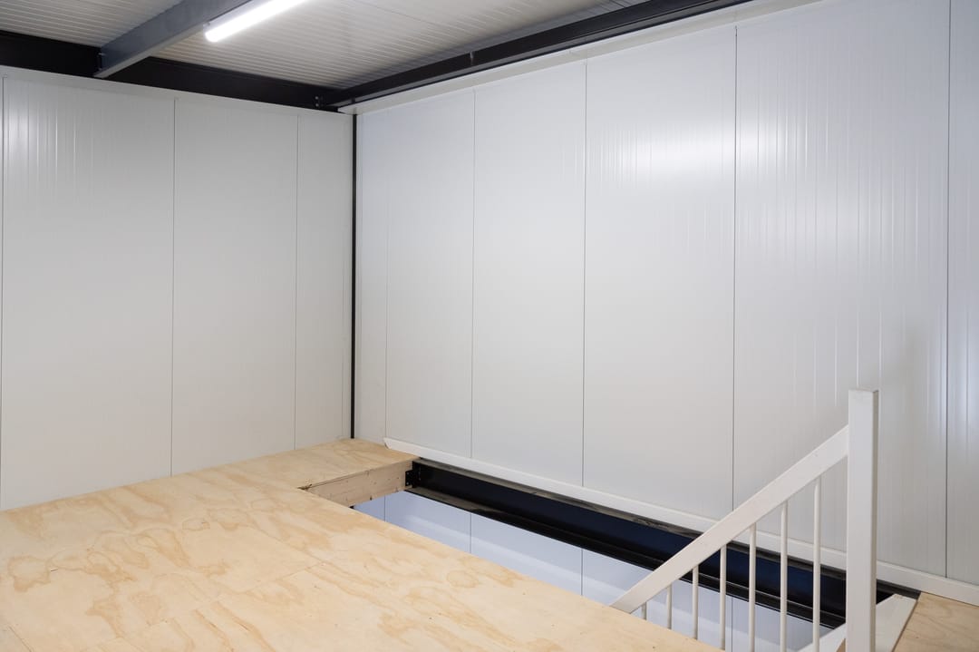 Op het bedrijventerrein "Kie" aan de buitenrand van de fraaie stad Franeker bieden wij TE HUUR aan deze in 2019 gebouwde, moderne bedrijfsunit (volledig geisoleerd) met een totale oppervlakte van totaal 78m2 waarvan 51m2 op de begane grond (950cmx540cm) en een zolder van 27m2 (540cmx503cm). De totale hoogte is 575cm. Ideaal voor opslag voor ZZP'ers of een particulier. De unit is toegankelijk via een grote gesegmenteerde overheaddeur (handbediend) + loopdeur van totaal 350cm breed en 400cm hoogte. De gevlinderde betonvlier is 180mm dik en vloeistofdicht afgewerkt.
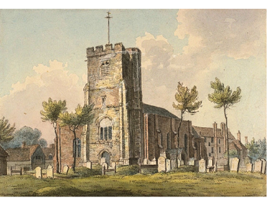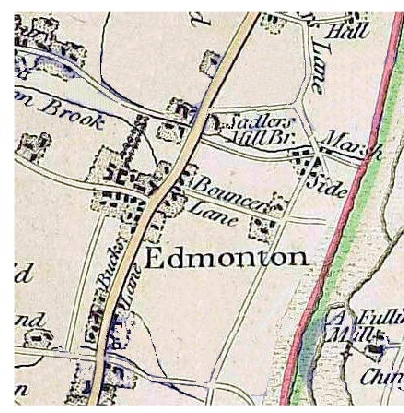 The family moved again between 1824 and 1827, this time to Edmonton. The view on the right shows Edmonton at about this time. It was a genteel town which had flourished in the eighteenth century, as fashionable residents increasingly settled there, many of them attracted by the regular coach services to London. However, by the nineteenth century, it had begun to lose its exclusiveness, and as prosperous traders moved in, the gentry moved out. According to the author, John T Smith, by 1800 it was inhabited by "retired embroidered weavers, their crummy wives and tightly laced daughters". Parts of the town also came to be covered with small, overcrowded tenements and lodging houses.
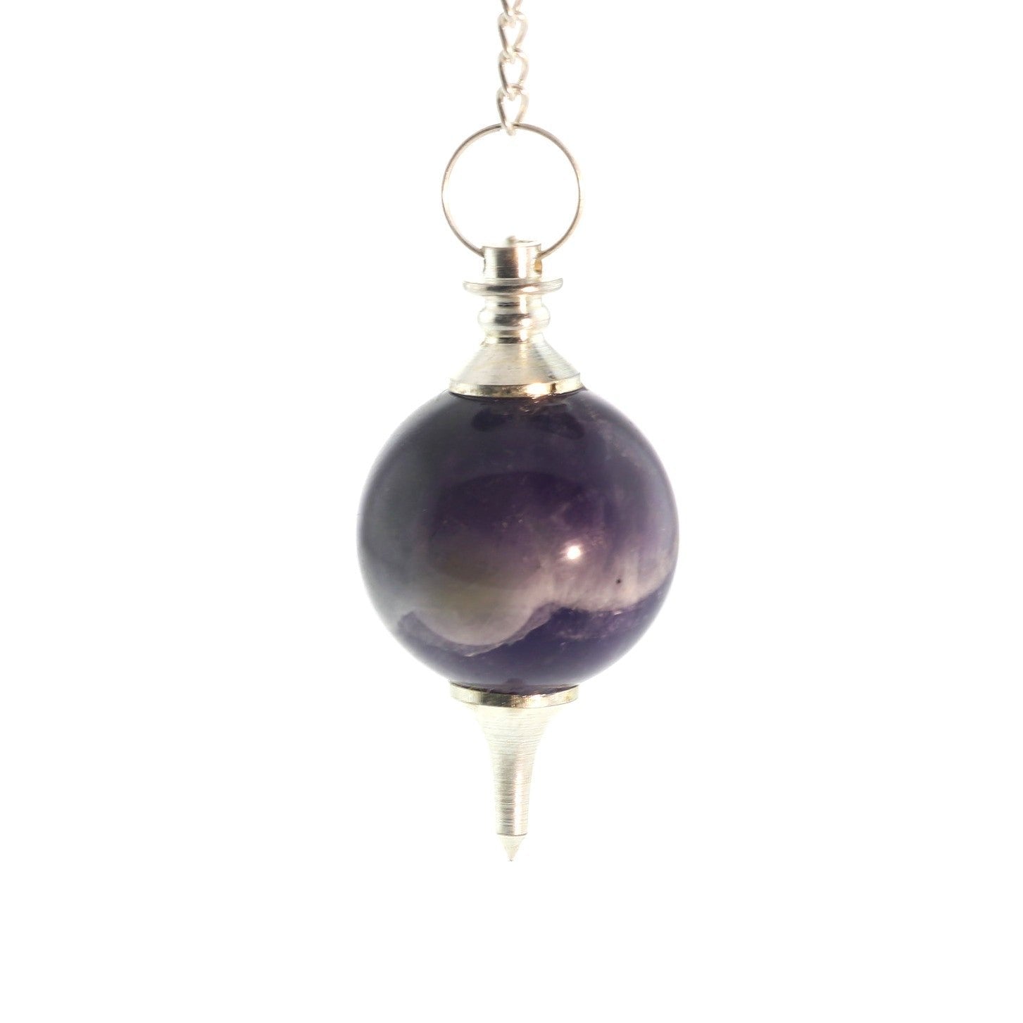 This pendulum is made of an amethyst stone that is carved and attached to a metal bail. The stone appears a wine-shaded purple, though it can and will be as pale as lavender, with some shades of a washed white tone.
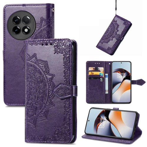 Estuche para OnePlus Ace 2 Mandala Flower de Cuero En Relieve (Púrpura)
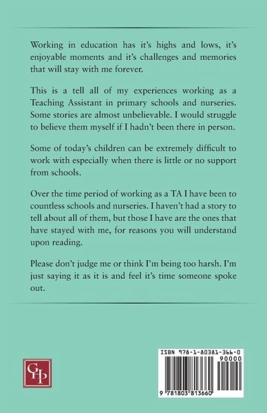 Working in education has it's highs and lows, it's enjoyable moments and it's challenges and memories that will stay with me forever. This is a tell all of my experiences working as a Teaching Assistant in Primary Schools and Nurseries. Some stories are almost unbelievable. I would struggle to believe them myself if I hadn't been there in person. Some of today's children can be extremely difficult to work with especially when there is little or no support from staff and Head Teachers in schools. Over the time period of working as a TA I have been to countless schools and nurseries. I haven't had a story to tell about all of them, but those I have are the ones that have stayed with me, for reasons you will understand upon reading. Please don't judge me or think I'm being too harsh. I'm just saying it as it is and feel it's time someone spoke out.
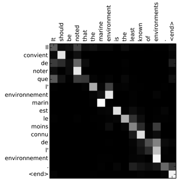 The proposed approach provides an intuitive way to inspect the (soft-)alignment between the words in a generated translation and those in a source sentence. This is done by visualizing the annotation weights 0% from Eq. (6), as in Fig.3. Each row of a matrix in each plot indicates the weights associated with the annotations. From this we see which positions in the source sentence were considered more important when generating the target word.
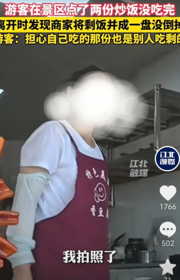 “害群之马”!上海奉贤渔人码头景区,游客点了两份炒面和两份炒饭,炒面吃的没剩几口,结果商家倒掉了,炒饭因为没怎么动,也就吃了两口,然后商家就把两份合在一块没有倒掉,游客提出质疑,商家谎称那是多炒了一份放在那,游客当面拆穿表示拍有照片,商家就慌了,还问游客要不要赔偿,游客没有要赔偿,就是担心自己吃的会不会也是别人剩下的。
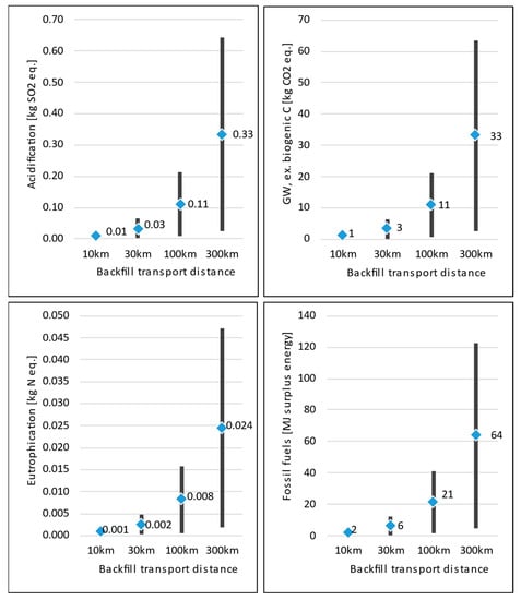 Distance for transportation of the gravel or sand backfill material, which is the inventory item with the largest mass, raises the life cycle impact. The impact could be more than that of the plastic material should gravel or sand need to be transported as far as 300 km from the quarry (gravel) or from the coast (sand) to the stormwater management installation site (Figure 6).
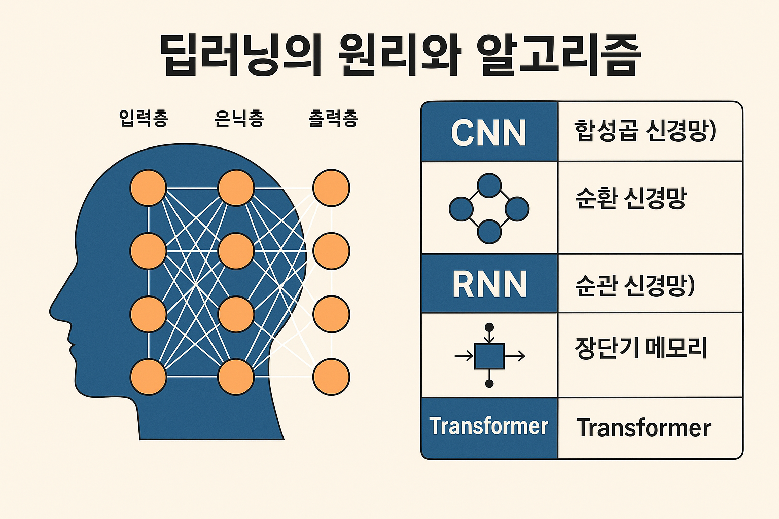 딥러닝은 인공지능 기술의 핵심으로, 이미지 인식부터 자연어 처리, 음성 인식까지 다양한 분야에서 혁신을 일으키고 있습니다. 본 글에서는 딥러닝의 작동 원리를 기초부터 설명하고, CNN, RNN, Transformer 등 대표적인 딥러닝 알고리즘을 예시와 함께 정리합니다. 기술적 배경이 없어도 이해할 수 있도록 구성했으니, 딥러닝에 대해 체계적으로 알고 싶은 분들에게 적합한 안내서가 될 것입니다.
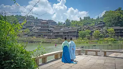 After lunch in Guiyang, we will gather at the designated location and board the bus. We will then check in and visit the Wujiang Village scenic area.
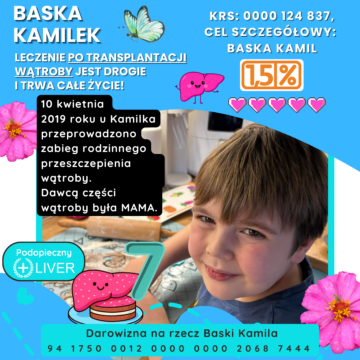 Kamilek Baska urodził się 14 kwietnia 2016 roku i od urodzenia został objęty specjalistyczną diagnostyką medyczną, która wykazała podwójnie podwyższone CRP, Aspat, GGTP, hiperbilirubinemię związaną. Podwyższone parametry stanu zapalnego, cechy cholestazy spowodowały, że Kamilek dostał antybiotyki oraz Ursofalk w płynie, Wit A, E, D3, K. Kamilek przeszedł rodzinną transplantację wątroby i po długich tygodniach pobytu w szpitalu z powodu komplikacji powrócił już do domu.
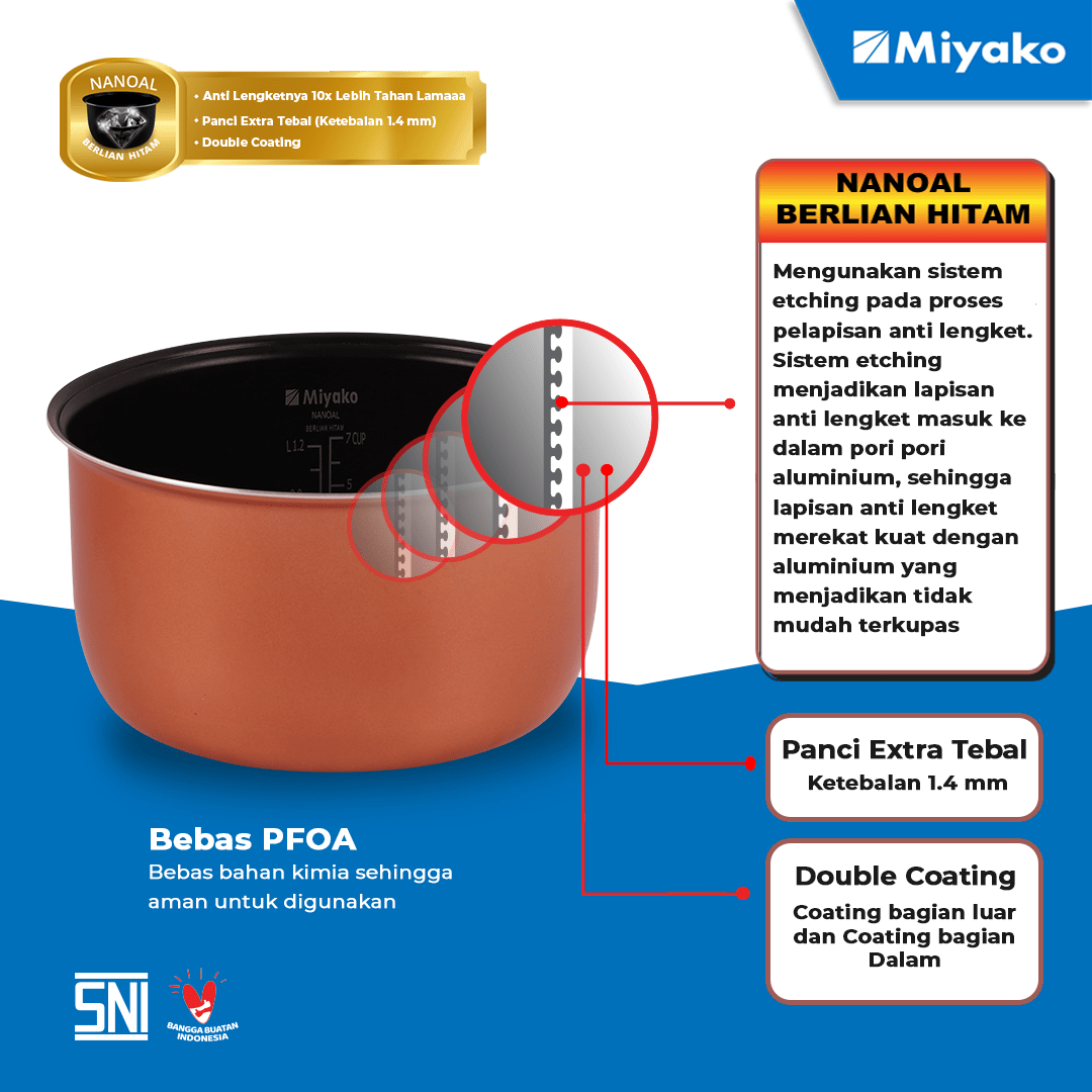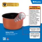 Rice Cooker Miyako MCM-512C BH has a Black Diamond Nanoal Pan that is 10x more durable, thicker with a thickness of 1.4 mm, as well as a Double Coating coat on the inner and outer surface of the pan. Make the pan look more luxurious and elegant. Miyako’s Black Diamond Nanoal Pan is also processed with etching technology. Makes its non-stick coating seep into the pores of aluminum, making its non-stick more durable and durable, and provides a smoother surface, and easier to clean.
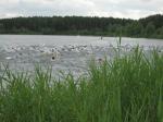 In der Nähe von Stendal, am idyllisch gelegenen Waldbad Wischer, starteten am Wochenende knapp 90 Teilnehmer über die ausgeschriebene olympische Distanz des SV Wasserfreunde Stendal 1923. Unter ihnen auch sechs Mutige der Gaensefurther Sportbewegung. Routiniert liefen die Vorbereitungen ab. Nachdem das Fahrrad mit Helm, Schuhe und Startnummerngürtel neben der Wasserschüssel für die Dreckfüße ihren Platz im Wechselgarten gefunden hatten, erfolgte im 21 Grad warmen Baggersee der Startschuss für die 1,5 Kilometer lange Schwimmstrecke. Im Kampf um die Positionen geriet der stille See mächtig in Wallung, bis sich die einzelnen Schwimmer wie an einer langen Kette eingereiht hatten. Da zwei Seerunden zu absolvieren waren, mussten die letzten fast bangen, von den ersten eingeholt zu werden. Jens-Uwe Börner, einfach nicht als Schwimmer geboren, hatte noch 750 Meter vor sich, als nach gut 22 Minuten der allererste Schwimmer aus dem Wasser hechtete. Starke 27:49 Minuten und damit schnellster Gaensefurther war Ralf Rosenmeier, gefolgt von Steffen Schöler, Torsten Blauwitz und Florian Börner. Die genannten dürften bereits auf der Fahrradstrecke gewesen sein, als auch Ingo Bieganski endlich das nasse Element hinter sich bringen konnte. Und nach knapp 45 Minuten hatte es sogar Jens-Uwe Börner geschafft. Bis zum wartenden Fahrrad mussten ungefähr 100 Meter im weichen Sandstrand zurückgelegt werden, was zusätzlich an den Kräften zehrte. Abkühlung verschaffte dann zunächst der Fahrtwind auf der durchnässten Kluft. Aber die hügelig zu fahrende 43,5 Kilometer lange Radstrecke heizte den Sportlern schnell wieder ein. Während die Ausreißer ziemlich dicht zusammen um jede bessere Position kämpften, versuchten Bieganski und Börner von hinten Plätze gut zu machen. Auch Börner gelang dies, trotz schwerem Stahlrad. Mit den Rädern wieder im Wechselgarten angekommen, sollte wie schon so oft die Laufstrecke die Entscheidungen bringen. In der Gaensefurther Spitze hatte sich Blauwitz kämpferisch nach vorn gearbeitet. Sollte es anfangs garnicht laufen, siegte er am Ende knapp vor Schöler. Prima in Form erwies sich auch Rosenmeier, der nur auf der Laufstrecke letztlich einbrach, den Vorsprung jedoch knapp vor Börner Junior halten konnte. Beide kamen in ihren Altersklassen auf das Podest. Dann folgte Bieganski, welcher durch seine 43-er Laufzeit noch so manchen Sportler überholt hatte. Inzwischen erfolgte bereits der Aufruf, den Wechselgarten für den Jedermann-Triathlon zu räumen. Zu diesem Zeitpunkt kam auch Jens-Uwe Börner endlich ins Ziel. Drei Stunden Fitness lagen hinter ihm. Eine Cola später stellte sich auch bei ihm der zufriedene Gesichtsausdruck ein. Bereits über den gesamten Tag herrschte Anspannung pur bei Jana Bieganski. Denn nun war es endlich soweit, der Start beim Jedermann-Triathlon über 750 Meter Schwimmen, 14,5 Kilometer Fahrrad fahren und fünf Kilometer laufen. Mit ihr stand zum ersten Mal Jana Berger am See, welche ganz relaxt ihr Triathlon Debüt angehen wollte. Beide gaben ihr bestes und bei Bieganski reichte es sogar für den dritten Platz in ihrer Altersklasse. Nach Siegerehrung und Tombola ging ein langer und aufregender Wettkampftag zu Ende. Beste Vorbereitungsarbeit auf den 11. Gaensefurther-Schlossbrunnen-Triathlon!
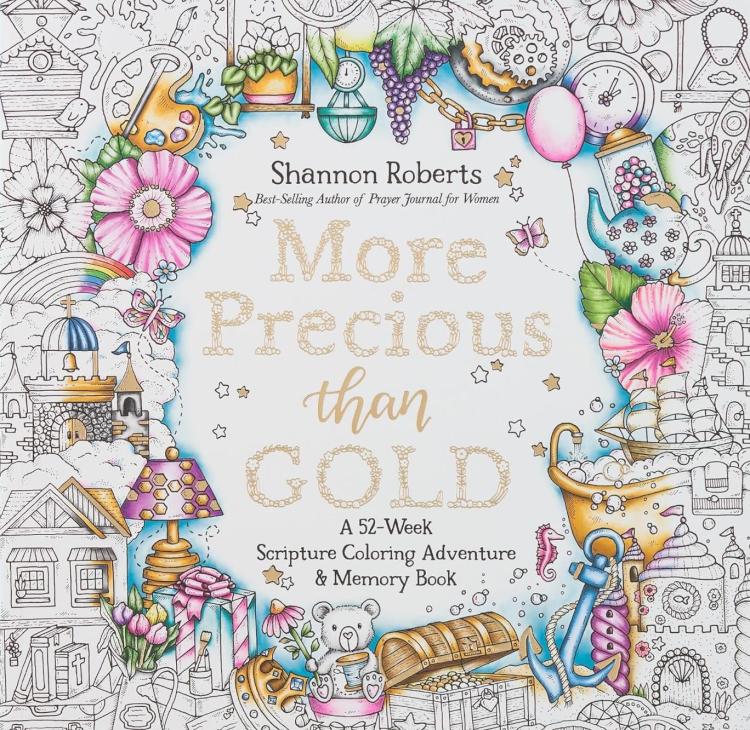 Embark on a whimsical coloring journey through warm beaches~ cheerful candy shops~ enchanting underwater reefs~ and more while you memorize God’s precious Word in More Precious than Gold: A 52-Week Scripture Coloring Adventure and Memory Book.

**Assigned task**.
Quote the lines above exactly, starting with the one that has "The proposed approach" and ending with the one that has "Kamilek Baska urodził"; drop the pictures and include nothing else.

**Your response**.
 The proposed approach provides an intuitive way to inspect the (soft-)alignment between the words in a generated translation and those in a source sentence. This is done by visualizing the annotation weights 0% from Eq. (6), as in Fig.3. Each row of a matrix in each plot indicates the weights associated with the annotations. From this we see which positions in the source sentence were considered more important when generating the target word.
 “害群之马”!上海奉贤渔人码头景区,游客点了两份炒面和两份炒饭,炒面吃的没剩几口,结果商家倒掉了,炒饭因为没怎么动,也就吃了两口,然后商家就把两份合在一块没有倒掉,游客提出质疑,商家谎称那是多炒了一份放在那,游客当面拆穿表示拍有照片,商家就慌了,还问游客要不要赔偿,游客没有要赔偿,就是担心自己吃的会不会也是别人剩下的。
 Distance for transportation of the gravel or sand backfill material, which is the inventory item with the largest mass, raises the life cycle impact. The impact could be more than that of the plastic material should gravel or sand need to be transported as far as 300 km from the quarry (gravel) or from the coast (sand) to the stormwater management installation site (Figure 6).
 딥러닝은 인공지능 기술의 핵심으로, 이미지 인식부터 자연어 처리, 음성 인식까지 다양한 분야에서 혁신을 일으키고 있습니다. 본 글에서는 딥러닝의 작동 원리를 기초부터 설명하고, CNN, RNN, Transformer 등 대표적인 딥러닝 알고리즘을 예시와 함께 정리합니다. 기술적 배경이 없어도 이해할 수 있도록 구성했으니, 딥러닝에 대해 체계적으로 알고 싶은 분들에게 적합한 안내서가 될 것입니다.
 After lunch in Guiyang, we will gather at the designated location and board the bus. We will then check in and visit the Wujiang Village scenic area.
 Kamilek Baska urodził się 14 kwietnia 2016 roku i od urodzenia został objęty specjalistyczną diagnostyką medyczną, która wykazała podwójnie podwyższone CRP, Aspat, GGTP, hiperbilirubinemię związaną. Podwyższone parametry stanu zapalnego, cechy cholestazy spowodowały, że Kamilek dostał antybiotyki oraz Ursofalk w płynie, Wit A, E, D3, K. Kamilek przeszedł rodzinną transplantację wątroby i po długich tygodniach pobytu w szpitalu z powodu komplikacji powrócił już do domu.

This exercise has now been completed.